- **PROMPT**: Return the full listing word for word, but drop every picture from it.
◇ ◇ ◇
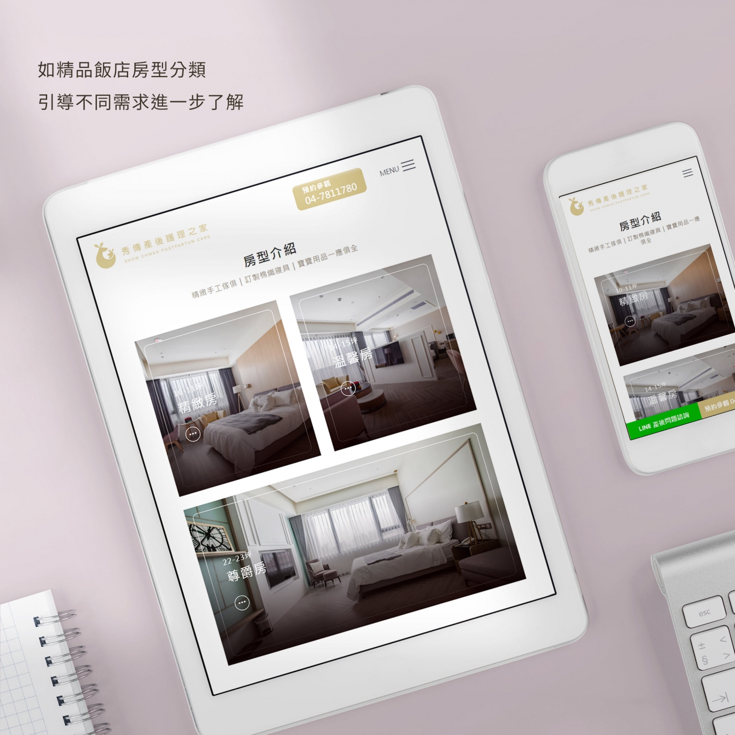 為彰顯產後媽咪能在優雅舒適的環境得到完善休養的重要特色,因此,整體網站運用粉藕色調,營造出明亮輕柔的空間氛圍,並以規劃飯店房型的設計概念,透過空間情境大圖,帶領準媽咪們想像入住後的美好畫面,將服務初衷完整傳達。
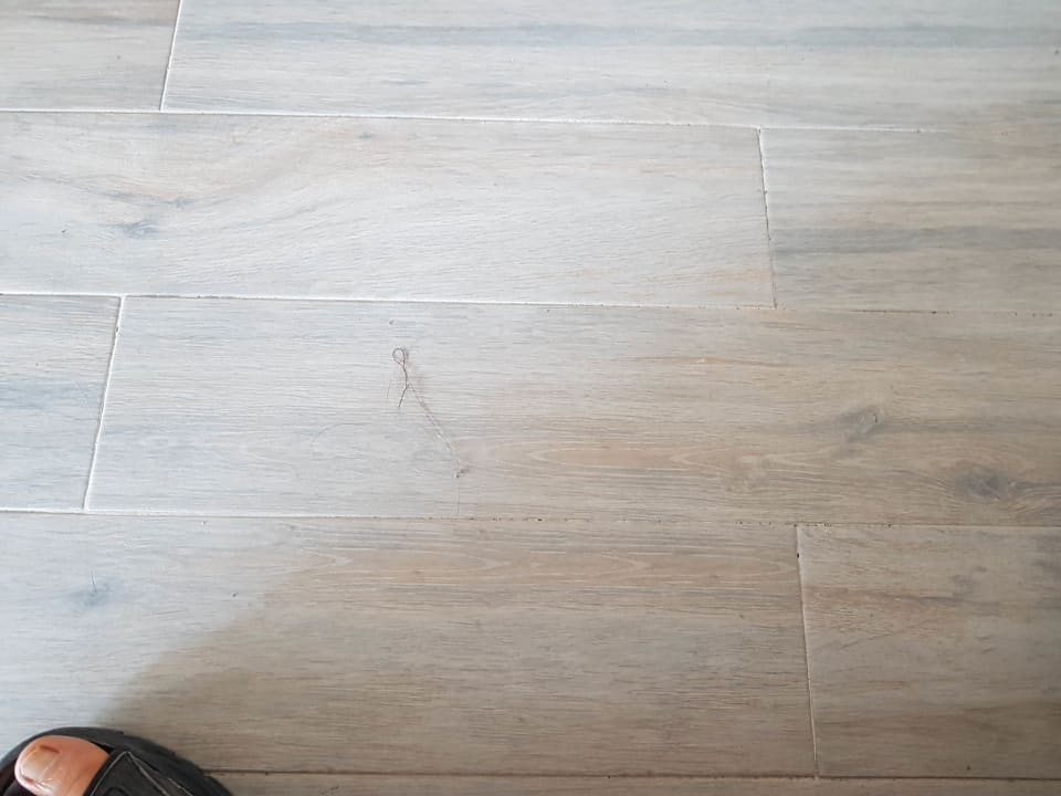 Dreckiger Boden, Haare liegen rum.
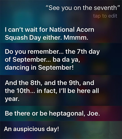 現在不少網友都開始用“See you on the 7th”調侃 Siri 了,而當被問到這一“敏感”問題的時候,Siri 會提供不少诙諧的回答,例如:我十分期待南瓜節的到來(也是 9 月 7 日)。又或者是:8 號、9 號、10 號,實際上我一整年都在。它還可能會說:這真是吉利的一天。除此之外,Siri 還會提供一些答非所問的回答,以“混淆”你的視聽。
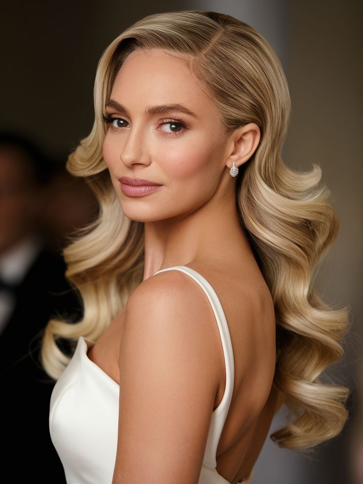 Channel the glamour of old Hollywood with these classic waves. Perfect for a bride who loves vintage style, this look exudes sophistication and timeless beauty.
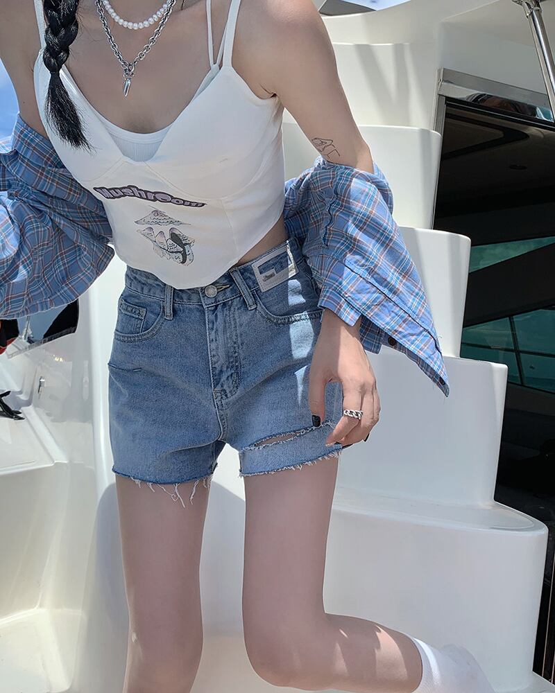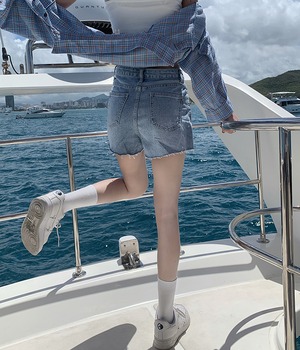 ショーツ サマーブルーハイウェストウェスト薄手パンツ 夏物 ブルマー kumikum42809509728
◇ ◇ ◇
- **TASK OUTPUT**:
 為彰顯產後媽咪能在優雅舒適的環境得到完善休養的重要特色,因此,整體網站運用粉藕色調,營造出明亮輕柔的空間氛圍,並以規劃飯店房型的設計概念,透過空間情境大圖,帶領準媽咪們想像入住後的美好畫面,將服務初衷完整傳達。
 Dreckiger Boden, Haare liegen rum.
 現在不少網友都開始用“See you on the 7th”調侃 Siri 了,而當被問到這一“敏感”問題的時候,Siri 會提供不少诙諧的回答,例如:我十分期待南瓜節的到來(也是 9 月 7 日)。又或者是:8 號、9 號、10 號,實際上我一整年都在。它還可能會說:這真是吉利的一天。除此之外,Siri 還會提供一些答非所問的回答,以“混淆”你的視聽。
 Channel the glamour of old Hollywood with these classic waves. Perfect for a bride who loves vintage style, this look exudes sophistication and timeless beauty.
 ショーツ サマーブルーハイウェストウェスト薄手パンツ 夏物 ブルマー kumikum42809509728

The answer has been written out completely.